Results: Between December 2010 and May 2013, we recruited 23 patients. One was excluded due to ineligibility, and hence, 22 were included in the final analysis. The primary sites comprised the intestine (n = 15), cervical lymph nodes (n = 4), stomach (n = 1), tonsil (n = 1), and spleen (n = 1). All patients successfully completed the 3 cycles of planned R-CHOP chemotherapy. Over a median follow-up of 39.5 months (95% confidence interval, 29.9—47.1 months), both the estimated 2-year disease-free survival and overall survival rates was 95% confidence interval, 85.9–104.1%. Only one patient with an international prognostic index of 2 experienced relapse and died.
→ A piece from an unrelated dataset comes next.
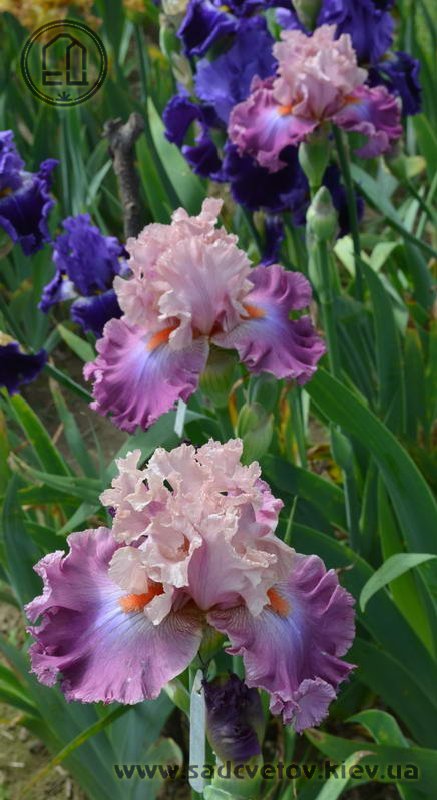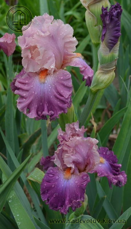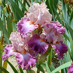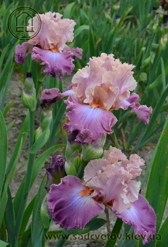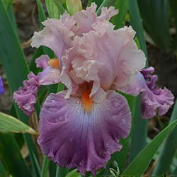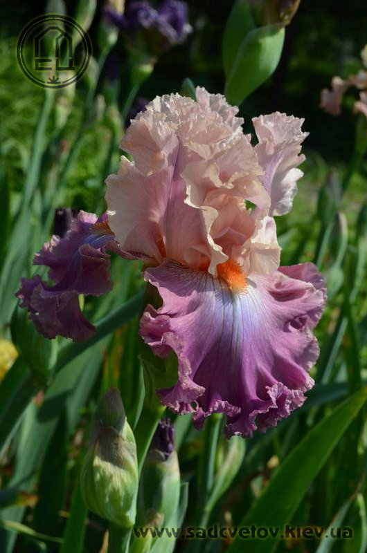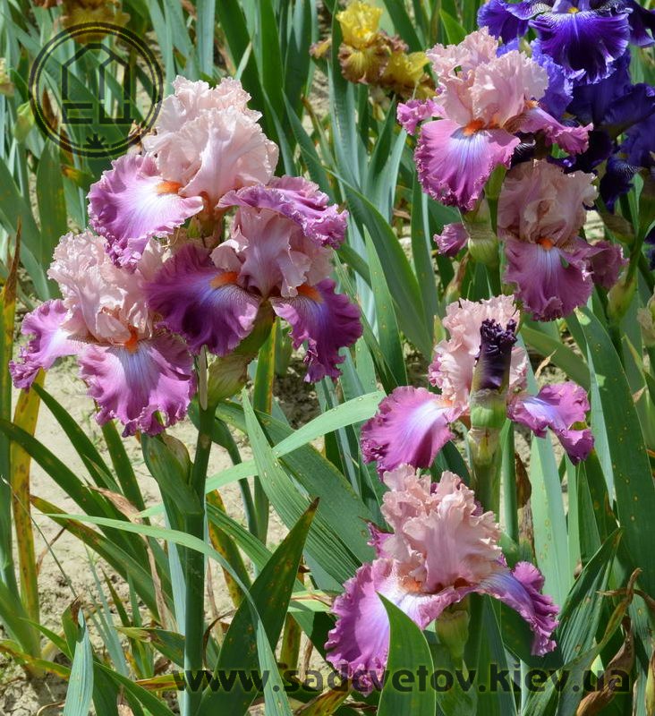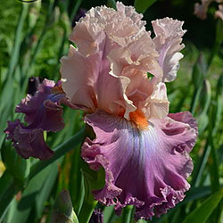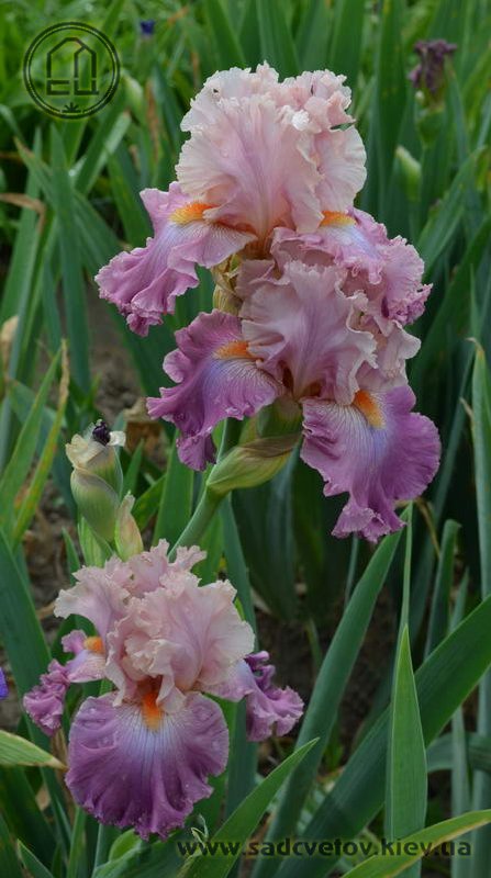Добре гофрована мереживна квітка. Ст. - блідий жовтувато-рожевий з лавандовим рум'янцем, ф. - темний пурпурово-рожевий з дуже блідим пурпуровим світлом під бородою, б. - яскравий жовтувато-рожевий.

The most common grade 3 or 4 toxicity condition included neutropenia (n = 8, 36.4%). Three patients experienced grade 3 febrile neutropenia, but no grade 3 or 4 non-hematologic toxicity was observed.
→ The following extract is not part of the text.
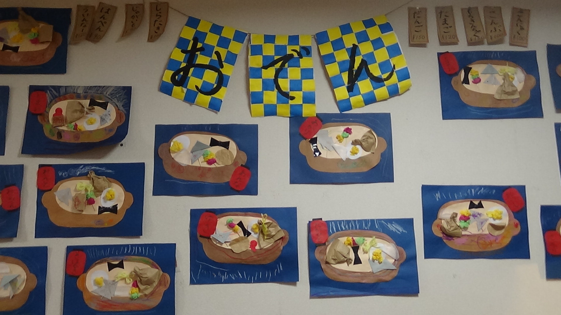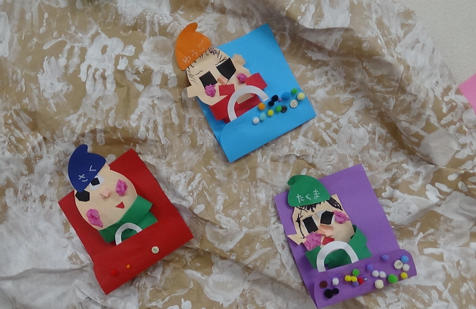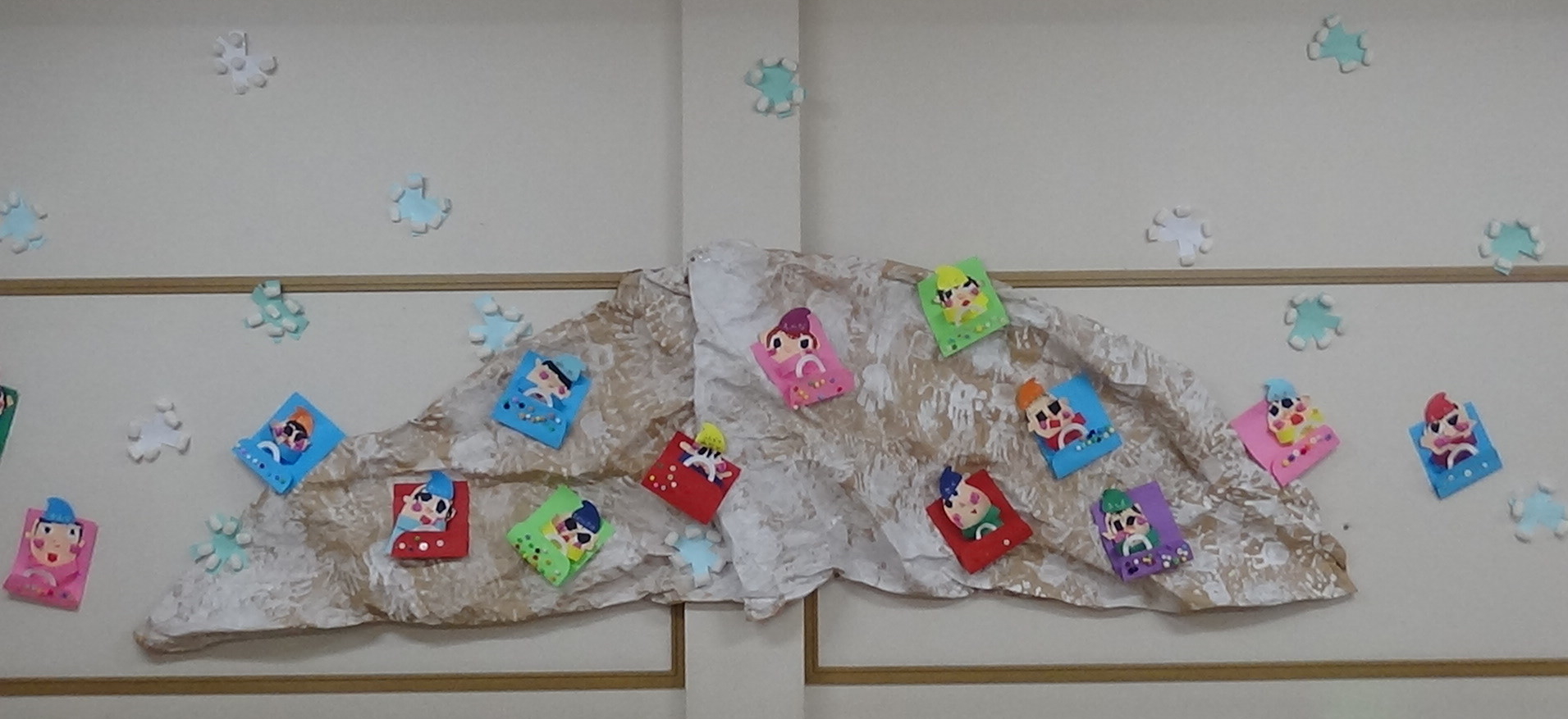 よく見ると、子どもたちの手形で、雪の感じを出しています。

Materials and Methods: DLBCL patients without residual lesions after resection were enrolled and R-CHOP chemotherapy was repeated at 3-week-intervals over 3 cycles. The primary endpoint was 2-year disease-free survival.
Conclusions: Three cycles of abbreviated R-CHOP immunochemotherapy is feasible for completely resected low risk localized DLBCL.